## Source data

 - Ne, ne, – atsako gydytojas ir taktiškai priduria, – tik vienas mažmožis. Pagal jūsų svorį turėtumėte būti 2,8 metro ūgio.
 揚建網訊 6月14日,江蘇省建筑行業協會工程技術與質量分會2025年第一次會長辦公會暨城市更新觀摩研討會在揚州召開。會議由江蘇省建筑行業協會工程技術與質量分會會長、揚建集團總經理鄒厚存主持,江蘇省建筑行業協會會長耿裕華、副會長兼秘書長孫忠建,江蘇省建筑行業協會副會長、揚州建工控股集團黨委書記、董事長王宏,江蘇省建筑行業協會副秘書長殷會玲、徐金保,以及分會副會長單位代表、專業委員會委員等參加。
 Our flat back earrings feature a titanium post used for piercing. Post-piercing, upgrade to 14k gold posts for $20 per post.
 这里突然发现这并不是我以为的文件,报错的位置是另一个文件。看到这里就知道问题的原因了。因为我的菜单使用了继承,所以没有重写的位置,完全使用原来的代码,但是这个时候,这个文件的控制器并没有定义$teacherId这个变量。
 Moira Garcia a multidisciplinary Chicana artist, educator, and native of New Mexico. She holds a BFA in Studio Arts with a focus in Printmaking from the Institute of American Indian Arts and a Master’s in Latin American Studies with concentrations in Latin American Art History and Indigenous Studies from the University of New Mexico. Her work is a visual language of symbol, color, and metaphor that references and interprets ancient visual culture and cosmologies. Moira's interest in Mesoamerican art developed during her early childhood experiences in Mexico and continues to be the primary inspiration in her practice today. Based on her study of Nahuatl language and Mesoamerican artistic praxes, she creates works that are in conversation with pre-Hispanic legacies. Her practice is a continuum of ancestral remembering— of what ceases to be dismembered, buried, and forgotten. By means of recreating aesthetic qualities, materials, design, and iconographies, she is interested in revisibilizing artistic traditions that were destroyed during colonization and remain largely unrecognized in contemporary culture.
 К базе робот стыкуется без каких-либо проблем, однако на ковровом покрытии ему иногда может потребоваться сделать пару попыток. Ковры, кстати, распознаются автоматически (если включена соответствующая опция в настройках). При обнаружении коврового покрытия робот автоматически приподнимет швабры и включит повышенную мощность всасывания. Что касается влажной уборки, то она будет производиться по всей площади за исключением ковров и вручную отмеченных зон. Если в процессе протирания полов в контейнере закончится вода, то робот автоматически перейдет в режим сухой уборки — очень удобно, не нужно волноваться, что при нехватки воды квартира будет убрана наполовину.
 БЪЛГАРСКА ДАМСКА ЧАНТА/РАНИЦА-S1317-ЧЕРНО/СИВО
* * *
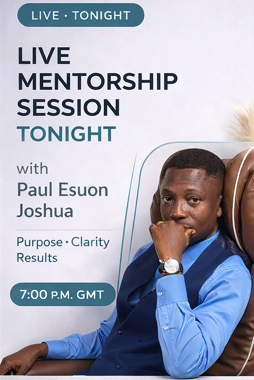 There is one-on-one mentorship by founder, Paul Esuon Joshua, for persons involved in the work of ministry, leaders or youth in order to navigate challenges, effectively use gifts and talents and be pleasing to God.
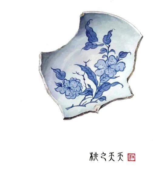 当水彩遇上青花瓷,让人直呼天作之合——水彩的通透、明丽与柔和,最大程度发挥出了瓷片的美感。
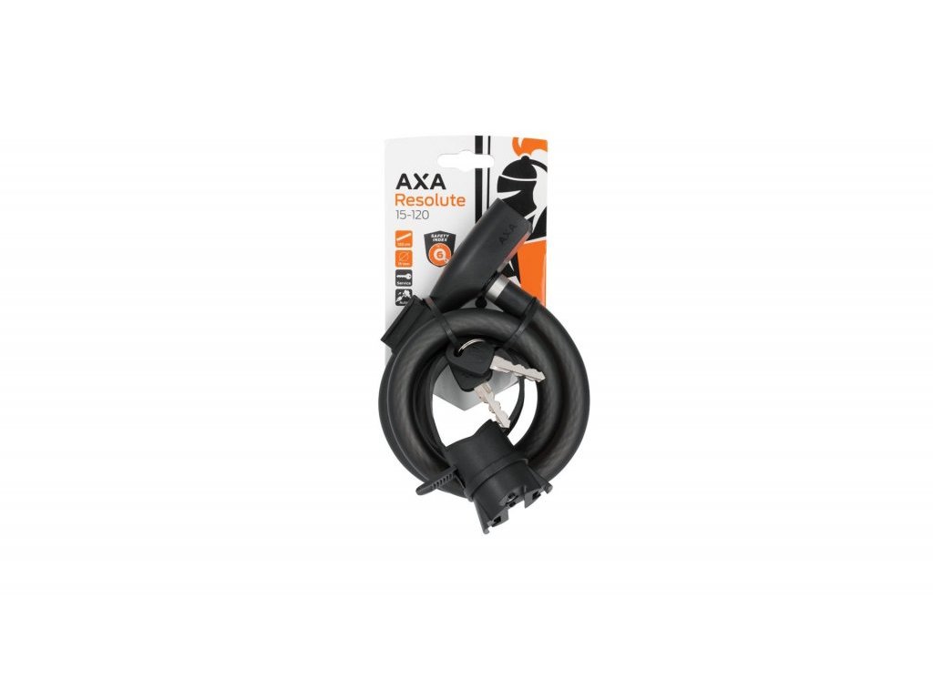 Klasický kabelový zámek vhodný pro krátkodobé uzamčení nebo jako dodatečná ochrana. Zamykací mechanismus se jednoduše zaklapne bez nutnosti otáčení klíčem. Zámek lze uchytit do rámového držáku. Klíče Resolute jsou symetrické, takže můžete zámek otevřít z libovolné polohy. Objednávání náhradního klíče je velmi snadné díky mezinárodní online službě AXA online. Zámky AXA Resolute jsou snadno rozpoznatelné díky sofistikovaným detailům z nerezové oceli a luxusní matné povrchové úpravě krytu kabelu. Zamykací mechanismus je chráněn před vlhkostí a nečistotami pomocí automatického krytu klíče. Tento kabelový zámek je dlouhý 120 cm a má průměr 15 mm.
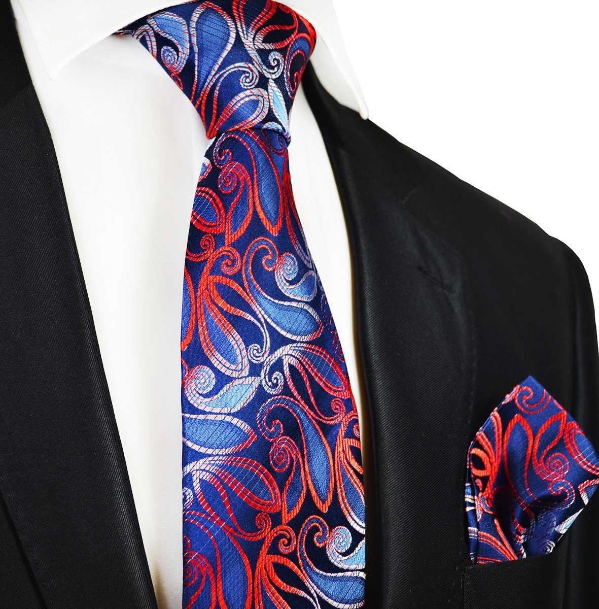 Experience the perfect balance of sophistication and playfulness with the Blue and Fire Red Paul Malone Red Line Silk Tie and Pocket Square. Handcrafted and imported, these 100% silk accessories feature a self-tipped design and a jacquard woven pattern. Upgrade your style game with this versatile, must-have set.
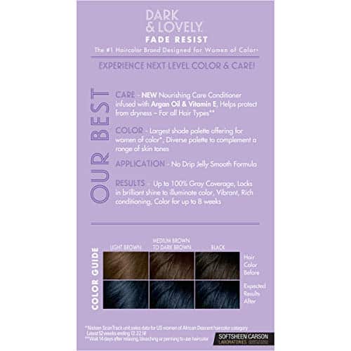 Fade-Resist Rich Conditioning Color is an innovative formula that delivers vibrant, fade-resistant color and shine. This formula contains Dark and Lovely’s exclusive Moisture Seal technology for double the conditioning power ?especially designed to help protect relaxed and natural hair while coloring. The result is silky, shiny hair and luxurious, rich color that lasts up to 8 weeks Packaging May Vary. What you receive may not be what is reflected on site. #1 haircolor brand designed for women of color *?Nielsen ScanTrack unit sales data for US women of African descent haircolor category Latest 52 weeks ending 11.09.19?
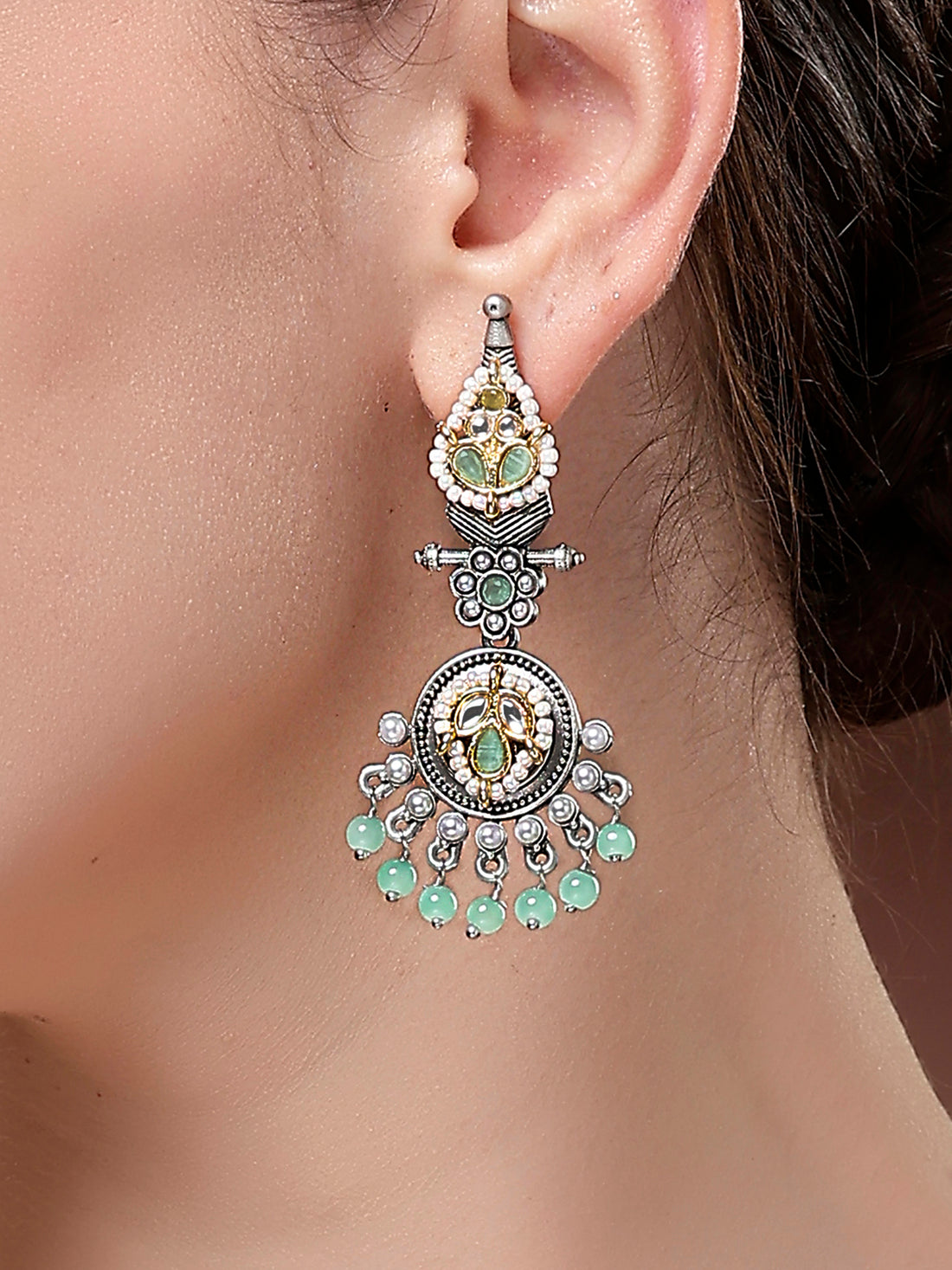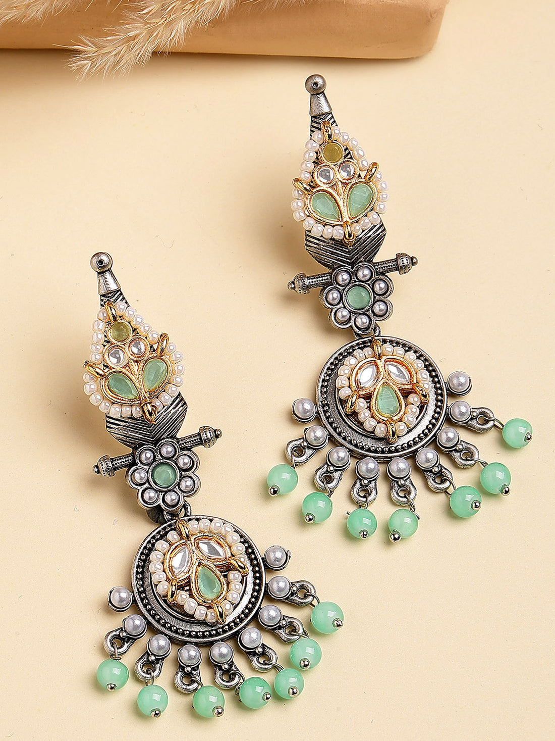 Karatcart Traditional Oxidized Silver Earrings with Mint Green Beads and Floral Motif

## About this task
Retype only the lines above between the line with "- Ne, ne, – atsako" and the line with "Moira Garcia a", counting those two lines as well, and keep every character as it is.

## Solution to the problem
 - Ne, ne, – atsako gydytojas ir taktiškai priduria, – tik vienas mažmožis. Pagal jūsų svorį turėtumėte būti 2,8 metro ūgio.
 揚建網訊 6月14日,江蘇省建筑行業協會工程技術與質量分會2025年第一次會長辦公會暨城市更新觀摩研討會在揚州召開。會議由江蘇省建筑行業協會工程技術與質量分會會長、揚建集團總經理鄒厚存主持,江蘇省建筑行業協會會長耿裕華、副會長兼秘書長孫忠建,江蘇省建筑行業協會副會長、揚州建工控股集團黨委書記、董事長王宏,江蘇省建筑行業協會副秘書長殷會玲、徐金保,以及分會副會長單位代表、專業委員會委員等參加。
 Our flat back earrings feature a titanium post used for piercing. Post-piercing, upgrade to 14k gold posts for $20 per post.
 这里突然发现这并不是我以为的文件,报错的位置是另一个文件。看到这里就知道问题的原因了。因为我的菜单使用了继承,所以没有重写的位置,完全使用原来的代码,但是这个时候,这个文件的控制器并没有定义$teacherId这个变量。
 Moira Garcia a multidisciplinary Chicana artist, educator, and native of New Mexico. She holds a BFA in Studio Arts with a focus in Printmaking from the Institute of American Indian Arts and a Master’s in Latin American Studies with concentrations in Latin American Art History and Indigenous Studies from the University of New Mexico. Her work is a visual language of symbol, color, and metaphor that references and interprets ancient visual culture and cosmologies. Moira's interest in Mesoamerican art developed during her early childhood experiences in Mexico and continues to be the primary inspiration in her practice today. Based on her study of Nahuatl language and Mesoamerican artistic praxes, she creates works that are in conversation with pre-Hispanic legacies. Her practice is a continuum of ancestral remembering— of what ceases to be dismembered, buried, and forgotten. By means of recreating aesthetic qualities, materials, design, and iconographies, she is interested in revisibilizing artistic traditions that were destroyed during colonization and remain largely unrecognized in contemporary culture.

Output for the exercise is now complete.